Where do you buy CBD products for your pet?
- 38%: Online
- 38%: Physical store
- 24%: Both online and from a store
How did you choose a CBD brand?
- 46%: Recommendation
- 37%: Online research
- 9%: What was available at the store
- 8%: An ad
The main reason for picking a brand:
- 25%: Reputation
- 18%: Price
- 18%: Online reviews
- 18%: Recommendation
- 9%: Claims about what the product can do
- 8%: Product potency
- 4%: The brand is not important to me
Did you check the product’s third-party lab results before purchasing?
- 41%: Always
- 33%: Never
- 26%: Didn’t know what third-party lab test reports were.
Third-party lab testing reinforces a brand’s transparency and communicates whether the product contains what it promises.

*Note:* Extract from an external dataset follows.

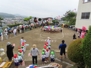 年長はパラバルーン、年中・少はフィンガー・フラーフをもち、心を一つに頑張りました😊
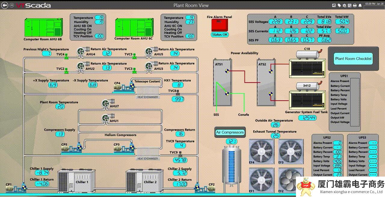 - 监控管场内UPS 装置、空气压缩机、火灾警报系统、精密的冷却设施等各类关键设备运转信息,保障天文望远镜的稳定运行。

However, it would appear most pet CBD consumers are unfamiliar with third-party testing or don’t place a great deal of importance on it.
Gathering Insights is Key
It’s vital to capture insights into the state of niche markets as CBD products branch out in different directions, Leafreport said, adding that its survey revealed CBD is on the radar of many pet owners—and vets, many of whom appear to support its use in cat and dog populations.
While the findings of this survey are subjective and prone to bias, a significant majority, 67%, noted a moderate to major improvement in their pet’s condition, with many pet owners reporting using CBD regularly over long periods of time, Leafreport said. However, the survey indicates a lack of awareness on the part of pet owners regarding the importance of third-party testing. In a market as loosely regulated as pet CBD products, ensuring the product contains the potency it promises is essential.

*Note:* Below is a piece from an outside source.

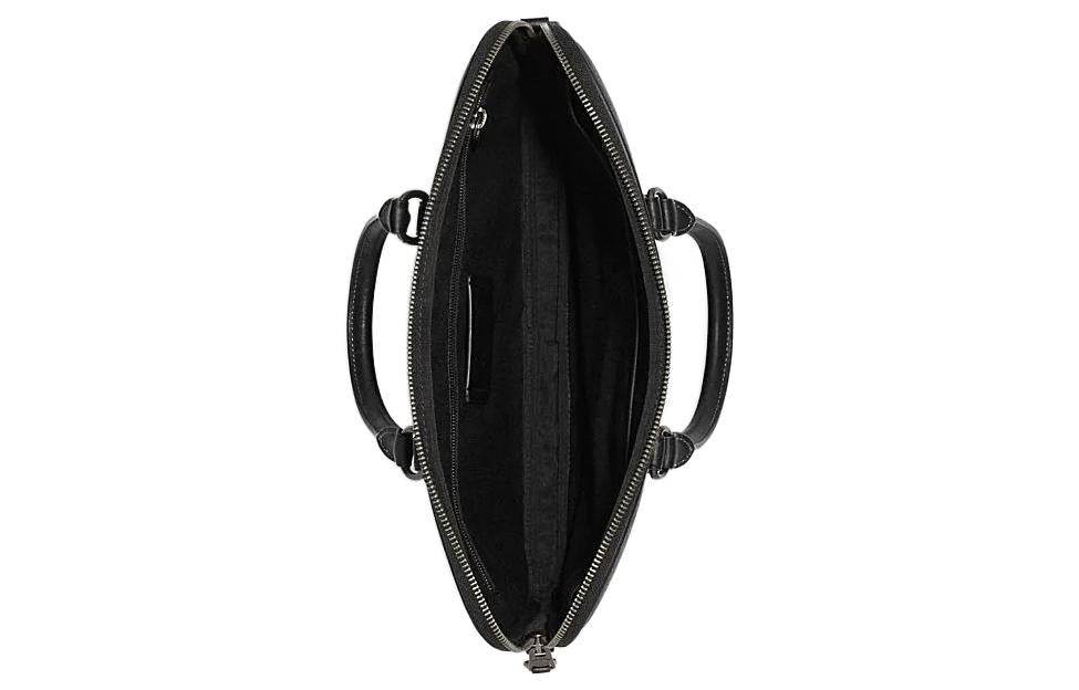 Сумка Coach с классическим цветочным логотипом и застежкой на молнии, выполненная из PVC. Этот портфель в черном цвете идеально подходит для повседневного использования и делового стиля.
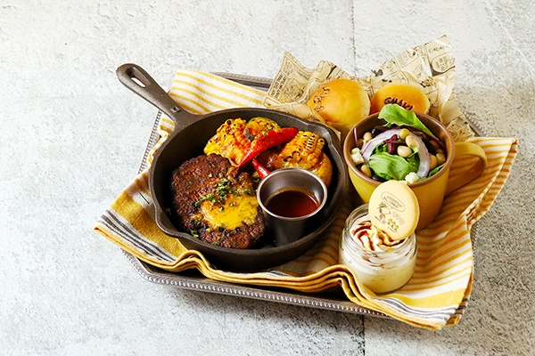 ビーグル・スカウトたちのサマーキャンプにもっていきたい!サマーキャンププレート!スキレットであつあつのハンバーグとグリル野菜には、ガーリックオニオントマトソースをたっぷりつけて召し上がれ♪

Leafreport launched the survey on SurveyMonkey, with the questions targeting a U.S.-based cohort of pet owners. Leafreport set restrictions on the survey so only participants in the United States could respond. Respondents were 18 to 65 in age and were pet owners who owned a dog or cat. 51% were female and 49% were male. Those who answered no to the qualifying question, “Do you give your pet products with CBD?” were automatically disqualified from the survey, leaving 727 participants from an initial pool of 1,448 to complete the survey.